Similar to your public safety and your DAS, if there’s a catastrophic event at your building and commercial power is lost and your UPS does not work, what are the first responders going to do if they have no communication abilities inside that facility? How will the people that are trapped inside the building communicate with the authorities? They will have no way to communicate out.
Connected: To a commercial real estate professional, computer backups may be part of the consideration for a battery backup plan. Is there a way to centralize the battery backup systems throughout your building in order to minimize downtime?
ANS: There is, but it’s more challenging because at that point you are supporting many more devices with different levels of criticality. So, if you’re talking about a 20-30 story office building and a trading center, it may make more sense to have disparate systems feeding each couple floors for computers, with a different backup system for the trading center and other mission critical applications, instead of one centralized unit that’s going to handle the whole facility at the same level. The reason being is that the UPS sizing for all systems at a mission critical level, and the additional AC distribution cabling could be cost prohibitive at that point.

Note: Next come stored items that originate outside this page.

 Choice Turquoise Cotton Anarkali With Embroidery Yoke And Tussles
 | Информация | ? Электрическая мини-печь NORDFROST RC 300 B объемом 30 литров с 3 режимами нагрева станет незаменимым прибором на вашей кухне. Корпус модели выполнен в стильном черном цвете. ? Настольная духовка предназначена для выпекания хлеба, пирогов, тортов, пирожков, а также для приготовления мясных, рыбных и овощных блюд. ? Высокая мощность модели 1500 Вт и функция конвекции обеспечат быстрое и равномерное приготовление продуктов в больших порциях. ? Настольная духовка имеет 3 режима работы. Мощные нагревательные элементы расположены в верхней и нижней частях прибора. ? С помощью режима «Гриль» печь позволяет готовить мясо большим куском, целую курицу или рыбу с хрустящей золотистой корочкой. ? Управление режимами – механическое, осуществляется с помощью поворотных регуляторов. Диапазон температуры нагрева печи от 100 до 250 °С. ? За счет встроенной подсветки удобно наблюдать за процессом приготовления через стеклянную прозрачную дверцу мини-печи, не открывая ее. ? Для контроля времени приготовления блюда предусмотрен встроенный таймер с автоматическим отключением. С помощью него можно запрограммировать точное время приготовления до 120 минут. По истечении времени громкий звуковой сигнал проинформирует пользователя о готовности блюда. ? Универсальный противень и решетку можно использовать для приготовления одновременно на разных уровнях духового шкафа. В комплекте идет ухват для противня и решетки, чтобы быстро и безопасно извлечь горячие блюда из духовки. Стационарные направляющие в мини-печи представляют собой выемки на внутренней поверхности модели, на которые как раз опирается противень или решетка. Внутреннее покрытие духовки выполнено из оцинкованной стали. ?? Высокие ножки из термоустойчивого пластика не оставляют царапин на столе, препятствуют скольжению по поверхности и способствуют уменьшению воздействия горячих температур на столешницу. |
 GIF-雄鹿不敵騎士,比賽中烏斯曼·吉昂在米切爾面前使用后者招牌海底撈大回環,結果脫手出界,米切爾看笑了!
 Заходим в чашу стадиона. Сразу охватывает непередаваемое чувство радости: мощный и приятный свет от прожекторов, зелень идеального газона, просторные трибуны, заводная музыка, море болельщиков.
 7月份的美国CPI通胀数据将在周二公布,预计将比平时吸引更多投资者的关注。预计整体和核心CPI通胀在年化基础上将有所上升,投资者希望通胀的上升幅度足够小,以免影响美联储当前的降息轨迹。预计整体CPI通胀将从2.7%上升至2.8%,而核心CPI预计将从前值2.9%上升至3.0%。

“If your tenant is in the finance sector and loses the ability to make trades, those can be incredibly high costs, and the tenant going to hold you responsible for those costs incurred.”
Generally, seventy-five percent or more of commercial buildings, high rises, et cetera, will have some sort of generator and UPS backup. And they’ll have certain protected panels. Those protected panels will have circuits for critical systems, and they are typically designated with an orange outlet to differentiate them from non-protected outlets. These outlets will be placed in IDF closets, mechanical spaces, air handlers, and fire alarm panel rooms to support the critical infrastructure of a building.

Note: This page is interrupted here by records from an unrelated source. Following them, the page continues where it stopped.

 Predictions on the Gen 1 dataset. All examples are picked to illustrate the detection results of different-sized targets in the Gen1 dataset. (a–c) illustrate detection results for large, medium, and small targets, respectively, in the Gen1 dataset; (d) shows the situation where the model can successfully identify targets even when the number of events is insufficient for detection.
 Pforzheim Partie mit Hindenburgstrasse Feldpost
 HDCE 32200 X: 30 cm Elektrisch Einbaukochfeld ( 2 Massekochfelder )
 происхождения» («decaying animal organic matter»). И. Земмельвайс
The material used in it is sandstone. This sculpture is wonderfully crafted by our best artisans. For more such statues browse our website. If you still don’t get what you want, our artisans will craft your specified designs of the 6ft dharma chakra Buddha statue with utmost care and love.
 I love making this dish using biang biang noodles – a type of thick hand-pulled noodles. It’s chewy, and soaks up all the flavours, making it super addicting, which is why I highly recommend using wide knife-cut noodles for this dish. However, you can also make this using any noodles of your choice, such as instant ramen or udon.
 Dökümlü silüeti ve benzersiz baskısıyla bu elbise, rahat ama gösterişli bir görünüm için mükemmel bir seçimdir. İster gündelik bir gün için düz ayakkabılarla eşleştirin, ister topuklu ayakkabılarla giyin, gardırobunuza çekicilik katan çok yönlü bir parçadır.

That’s really the critical infrastructure, from a building standpoint. If they support the phone needs of the tenants in the building, the protected power panels would also need to support their PBX. But the likelihood that they would have all their desktops backed up on that same platform is pretty low because that adds a lot more cost and ultimately, the cost of having a user down is less than the cost of having critical equipment not come back up when commercial power is lost.
Connected: What can lead to UPS or DC batteries overheating?

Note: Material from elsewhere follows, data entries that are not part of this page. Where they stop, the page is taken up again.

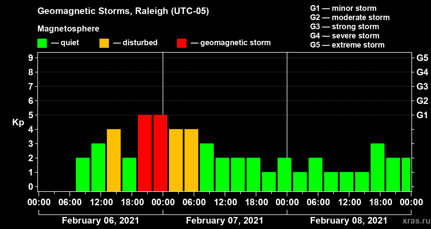 Geomagnetic storms in Raleigh — Feb 08, 2021
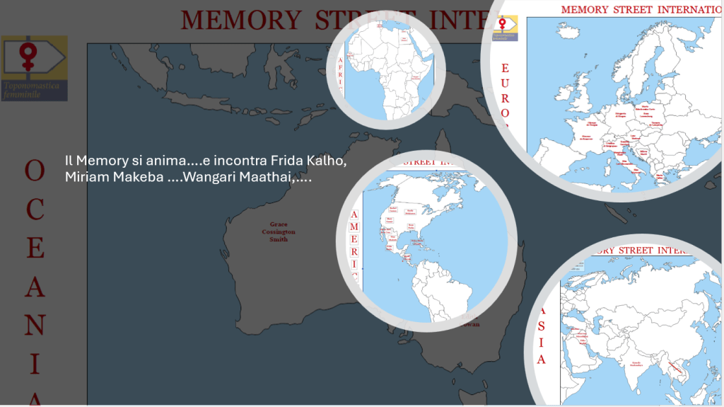 Tra questi, la costruzione del Memoy Street International ha rappresentato lo strumento privilegiato per attivare un percorso conoscitivo di figure femminili significative per il loro operato, smentendo la percezione che le donne, in quanto assenti dalla memoria storica collettiva, non abbiano realizzato niente di importante.
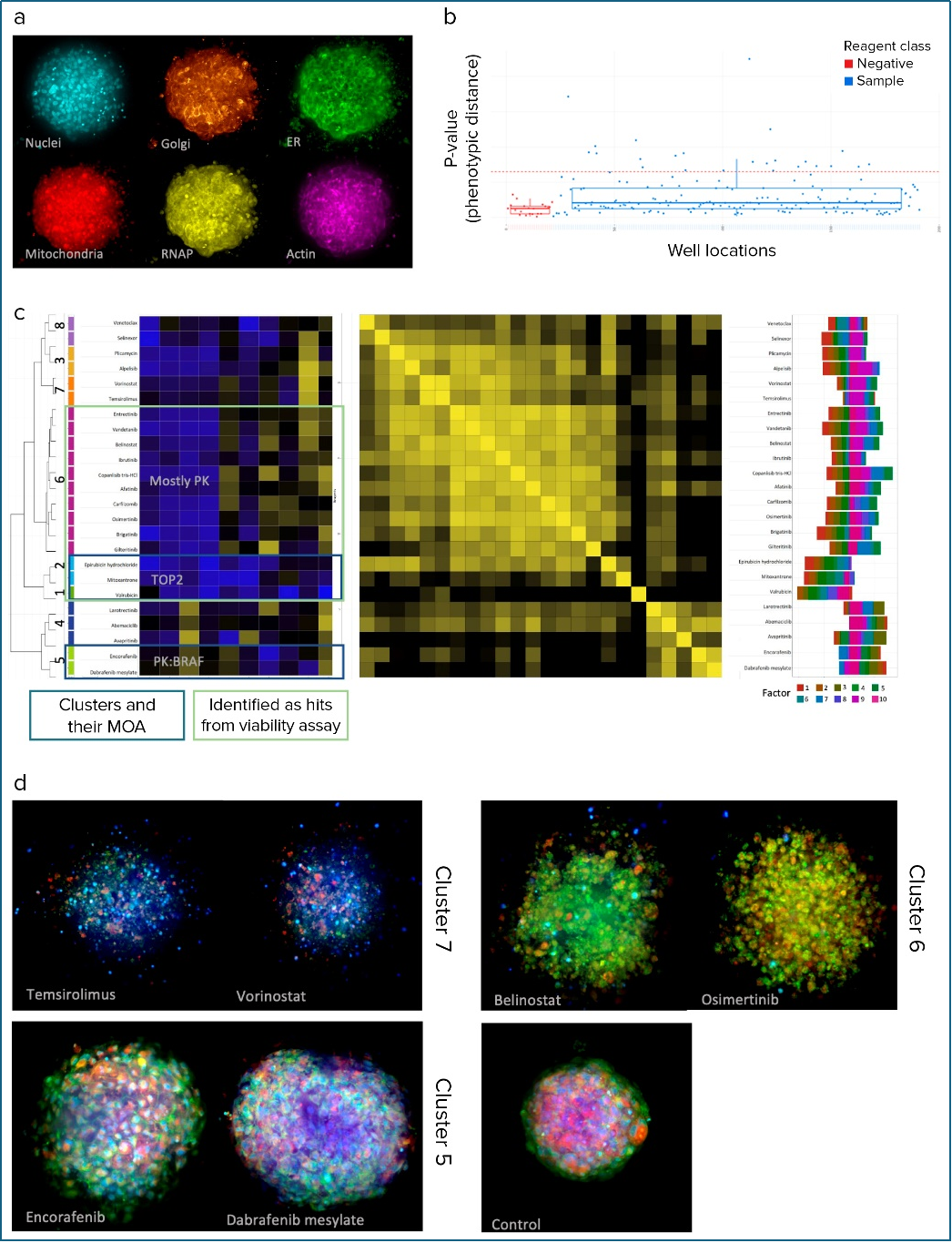 Fig 3.The Cell Painting assay modified for 3D spheroids. A) Spheroids were labeled with phalloidin,MitoTracker, WGA, SYTO 14, concanavalin A and Hoechst 33342. B) Scatterplot representing the phenotypic distance score for each compound is shown. C) Results of cluster analysis are represented as a hierarchical dendrogram. D) Example images grouped by cluster from the Cell Painting assay
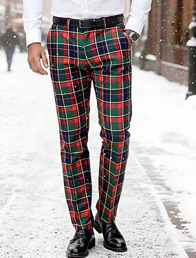 Homme Pantalon Chino Pantalon chino Pantalon habillé à carreaux Poche Plaid Confort Respirable Extérieur du quotidien Sortie Mode Vêtement de rue Blanche Rouge
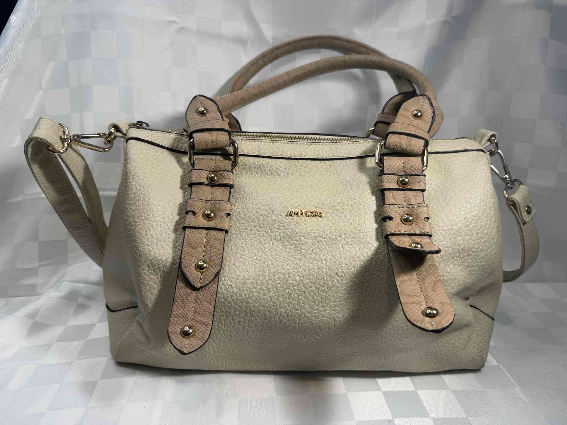 Cartera Amphora elegante de color beige con detalles en hebillas y correa ajustable. Ideal para usos cotidianos con estilo.

ANS: If the batteries are not located in a proper environment such as the telco or IDF closets, or if the telco closets are small and do not ventilate and dissipate the heat created by the increasing amount of equipment located in those closets. Over a period of time, the batteries start generating heat at a rate that cannot be internally dissipated and they continue to generate more heat in a self-feeding cycle. This is called thermal runaway, and the batteries start swelling and can crack, leading to the potential for a fire and a hazardous material situation if the battery acid leaks out. That is what can happen when your batteries go awry.
Connected: Finally, what sets ANS Advanced Network Services apart from other companies when it comes UPS battery backup services?
ANS: Our differentiation is we use a stricter level of testing parameters associated with the carrier specifications, versus what’s typically applied to UPSs and DC power systems in a commercial real estate or enterprise environment.